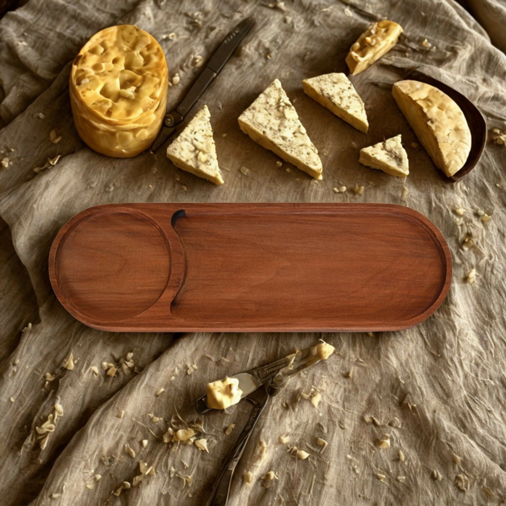 Si disfrutas de los picoteos, no te puedes quedar sin tu tabla de madera nativa de roble pellín, con dos espacios, para colocar diversos alimentos, hecha a mano con mucha maestría y estilo por artesanos de Villarrica en la Región de la Araucanía.
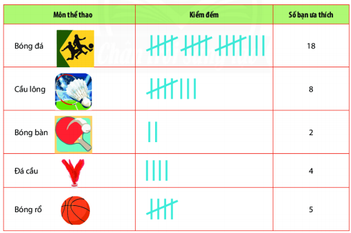 - Có 18 bạn ưa thích môn bóng đá, 8 bạn ưa thích môn cầu lông, 2 bạn ưa thích môn bóng bàn, 4 bạn ưa thích môn đá cầu và 5 bạn ưa thích môn bóng rổ.
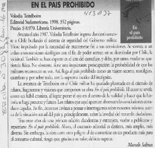 Autores chilenos - Teitelboim, Volodia - En el país prohibido
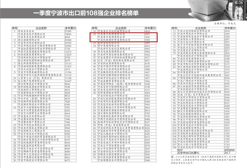 一季度寧波進出口108強榜單發布,我集團排名大幅上升
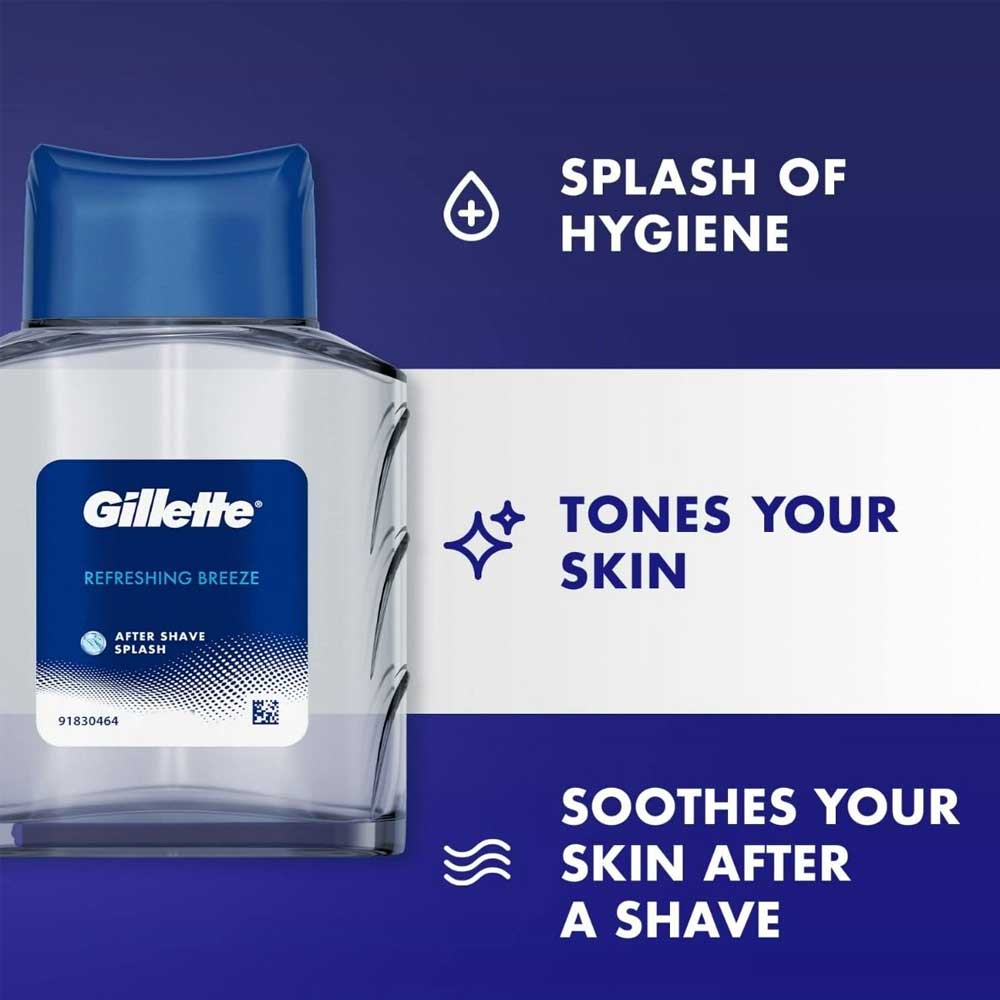 - This Gillette After Shave Splash Refreshing Breeze is mixed with moisturizers to tone your skin and is matured and filtered for a long-lasting fragrance.
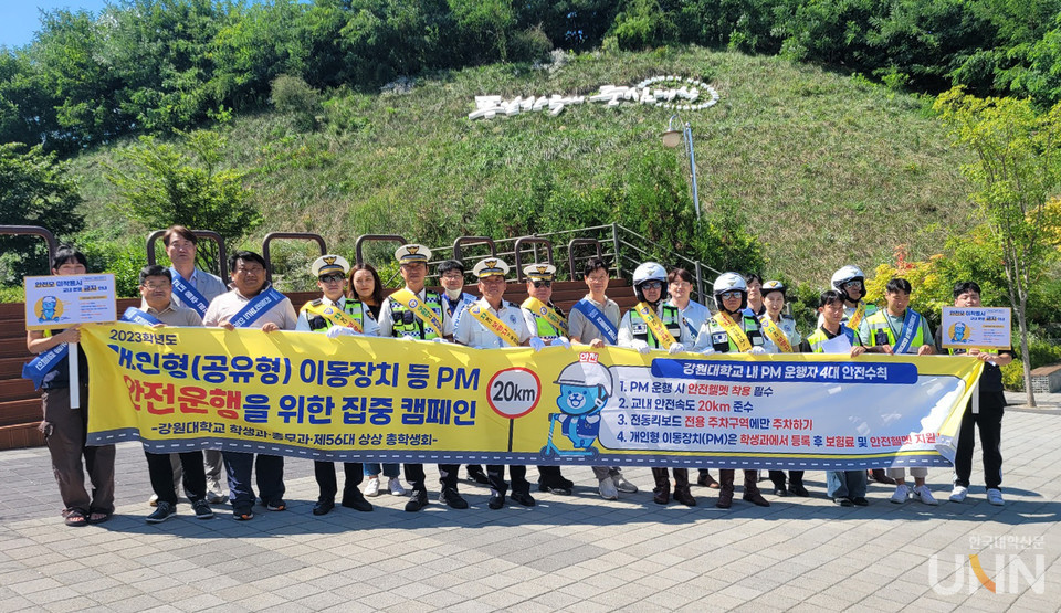 이날 캠페인에서 강원대 학생처 직원 및 교직원 안전지도반, 총학생회 임원, 춘천경찰서 소속 경찰관과 합동으로 안전모 착용과 안전속도(20㎞/h) 준수 등 ‘도로교통법 및 PM 안전수칙’ 홍보물을 배부하고, PM(개인형 이동장치)의 안전한 운행을 위한 캠페인을 실시했다.
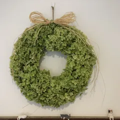 アナベルのリース♪ アナベルが強い日差しで茶色になりながらも緑色になってきました。 ドライフラワーやリースにするには白い花が緑になったら収穫します。道草、いや庭草を食べる猫。 アナベルよりもエノコログサの方が美味しいにゃ〜♪ 1年間、壁に吊しっぱなしのアナベルのリー

******************************

## TASK ITEM
Keep the pictures out of your answer, which should be the lines from the one with "이날 캠페인에서 강원대" through the final line of the data, copied exactly.

## PROBLEM SOLUTION
 이날 캠페인에서 강원대 학생처 직원 및 교직원 안전지도반, 총학생회 임원, 춘천경찰서 소속 경찰관과 합동으로 안전모 착용과 안전속도(20㎞/h) 준수 등 ‘도로교통법 및 PM 안전수칙’ 홍보물을 배부하고, PM(개인형 이동장치)의 안전한 운행을 위한 캠페인을 실시했다.
 アナベルのリース♪ アナベルが強い日差しで茶色になりながらも緑色になってきました。 ドライフラワーやリースにするには白い花が緑になったら収穫します。道草、いや庭草を食べる猫。 アナベルよりもエノコログサの方が美味しいにゃ〜♪ 1年間、壁に吊しっぱなしのアナベルのリー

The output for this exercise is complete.